Saturday, December 19, 2009

Ad hoc training of Ridgebacks in San Jacinto

When I was still working I lived in Garden Grove which isn't as congested as NYC but much more so than San Jacinto.  In those days the dogs and I didn't walk, we jogged.   I spent a lot of time jogging with Trooper and Heidi.  I used normal collars and leashes and a stout belt holding up my trousers.  I would hold their leashes in my left hand, grab hold of my belt with it and off we'd go.  If my left hand got tired I would switch to my right.  If they winded me, I'd slow them back down to a walk, but as often or not Heidi or Trooper would want to stop to sniff something before I got winded.

But in San Jacinto when we can't make it down to the river (because the days are too hot down there), we do walk on leash.  There are no good places to jog, at least I didn't think so – at least not with dogs.    The streets and sidewalks are poorly lighted and poorly cared for.  There are lots of things to trip over which I discovered to my rue.  Also, I developed some eye problems.  In short, I injured my left arm at some point and had to change my philosophy a bit: no more chasing after rabbits or squirrels while I had hold of the other end of the leashes.  

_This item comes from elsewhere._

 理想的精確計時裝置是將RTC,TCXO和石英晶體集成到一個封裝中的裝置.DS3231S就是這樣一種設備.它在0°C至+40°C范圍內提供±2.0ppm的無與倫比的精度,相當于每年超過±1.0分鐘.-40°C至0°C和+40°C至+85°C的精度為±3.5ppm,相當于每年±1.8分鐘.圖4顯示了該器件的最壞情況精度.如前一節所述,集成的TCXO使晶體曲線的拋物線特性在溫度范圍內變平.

I learned to snap the leashes.  Ginger gave up pulling almost immediately, but Sage was more intense.  But even she gave it up after awhile.  Rabbits and squirrels can now run by in front of us with nary a quiver from Ginger and only a bit of one from Sage. 

What Sage may do now is push the envelope – out on a dark night on an empty farm road when there is an interesting smell or sound up ahead.  I don't mind her walking out front and I don't mind a bit of eagerness, but there is an imaginary line which she sometimes crosses.  So she gets a refresher snap on her rump – sometimes two.  As I said, she is intense. 

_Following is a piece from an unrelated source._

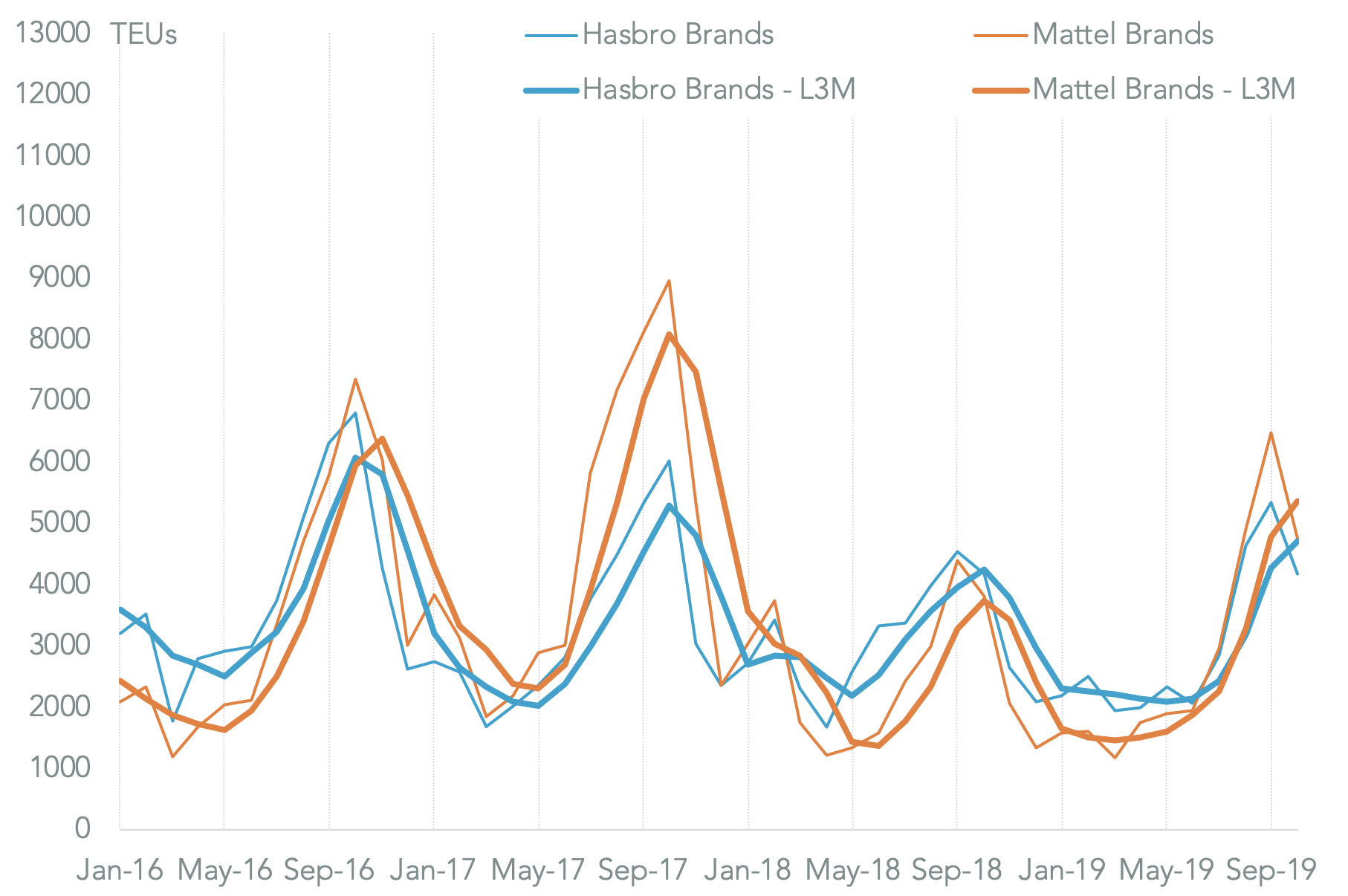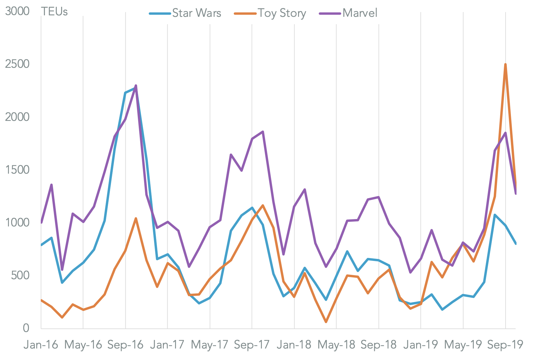Among the major brands, the strongest performance has been among movie tie-ins. Toy Story related imports surged 135% higher year over year in October after a 254% jump in 3Q that may be linked to the final movie of the series.

Susan, as I may have mentioned is a slightly built lady who at 5' 6" never got above 125 pounds.  It was Susan who insisted on a "big dog" and eventually selected the Rhodesian Ridgeback.   She took Heidi and later Trooper to training classes so she could handle them.  She did use the pronged collars and choke chains at different times.  And yet Trooper got so good with her that she could have walked him off leash if she'd had a mind to – in busy places with people and other dogs passing by. 

So if you are a strongly built fellow who likes to jog or hike then formal training may not be important.  But if you are a lightly built lady who nevertheless wants a powerfully-built dog then you must allow yourself and your dog to be trained.  I never went through the sort of training Susan did, but I often went with her to the classes and saw what she put herself through.  She was a very committed lady and perhaps that level of commitment is necessary. 

I must add, however, that the Ridgeback was not my choice for Susan.  I was still working in those days and wanted her to have a protective dog while she was home alone, but good grief there are many protective dogs much smaller than the Rhodesian Ridgeback.  So my initial advice to Susan (which she rejected) was to get a medium sized dog that is also protective: A Standard Schnauzer, Irish Terrier, Airedale, Boxer, American Staffordshire Terrier, Bull Terrier, Kerry Blue Terrier, Sharpei, Australian Cattle Dog, Australian Shepherd, Polish Lowland Sheepdog, Puli, , the Welsh Corgis

But Susan would rather go through the pain (both physical and mental) of training a large energetic hound than endure the presence of any of the "ugly dogs" I listed above.